Cape Flats Dune Strandveld is an endangered vegetation type. This is a unique type of Cape Strandveld that is endemic to the coastal areas around Cape Town, South Africa, including the Cape Flats.

==Habitat==
Strandveld means “beach scrub” in the Afrikaans language. It covers and stabilises sand dunes on the beaches around Cape Town, and is incredibly colourful in spring when it bursts into flower. It supports a very high biomass of browsing animals, and in the past it was grazed by large herds.

The strongly alkaline, calcareous dune sand of the coast lies over a base of older limestone. In some places, this limestone juts out of the dune sand, and forms impressive beach cliffs. Succulents form a high proportion of Strandveld plants, consequently, fires are much less common in Strandveld than in the neighbouring Fynbos vegetation.

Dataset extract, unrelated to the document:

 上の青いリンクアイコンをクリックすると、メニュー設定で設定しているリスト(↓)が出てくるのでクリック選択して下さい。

Cape Flats Dune Strandveld is endangered. More than half of the Cape’s Strandveld has been lost to urbanisation and the building of beach resorts, and only 14 percent of this unique vegetation type is actually conserved.

- Habitat preserves
Nature preserves with Cape Flats Dune Strandveld habitat include:
- Blaauwberg Conservation Area
- Edith Stephens Wetland Park
- Rondevlei Nature Reserve
- Wolfgat Nature Reserve

==Flora==
Cape Strandveld vegetation is typically composed of areas of tall, evergreen shrubs, with great numbers of bulbs, grasses, succulents and annual flowers growing in between. Historically, dense forests of large Milkwood trees used to exist at Noordhoek, Olifantsbos, Macassar and Gordons Bay.

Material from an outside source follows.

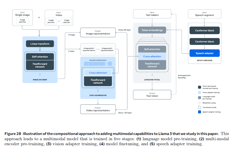 이러한 과정으로 생성된 모델은 풍부한 기능 세트를 갖추게 됩니다. 이 모델들은 최소 8개 언어로 질문에 답하고, 고품질의 코드를 작성하며, 복잡한 추론 문제를 해결하고, 도구를 바로 사용하거나 제로샷 방식으로 사용할 수 있습니다. 또한, 우리는 Llama 3에 이미지, 비디오 및 음성 기능을 추가하는 실험을 수행하였으며, 이는 조합적 접근법을 사용합니다. 우리가 연구한 접근법은 그림 28에 설명된 세 가지 추가 단계를 포함합니다:

Plants that are naturally found in Cape Strandveld include shrubs such as Chrysanthemoides monilifera, Olea exasperata, Metalasia muricata, Roepera flexuosum, Rhus laevigata and Rhus glauca; succulents such as Sour figs (Carpobrotus acinaciformis and Carpobrotus edulis) and Mesembryanthemum species; Restios; herbs such as geraniums and a great variety of daisies (Senecio elegans, Senecio burchellii, Dimorphotheca pluvialis and many others).

Larger trees that are indigenous to coastal Strandveld include:
- Milkwood (Sideroxylon inerme)
- Sea guarri (Euclea racemosa)
- Cape Camphor tree (Tarchonanthus camphoratus)
- Candlewood (Pterocelastrus tricuspidatus)
- Wild olive (Olea europea subsp. africana)
- Coastal silkybark (Robsonodendron maritimum)

There are also endemic plant species such as Lampranthus tenuifolius.

The most similar vegetation types to CFDS are Langebaan Dune Strandveld and Overberg Dune Strandveld .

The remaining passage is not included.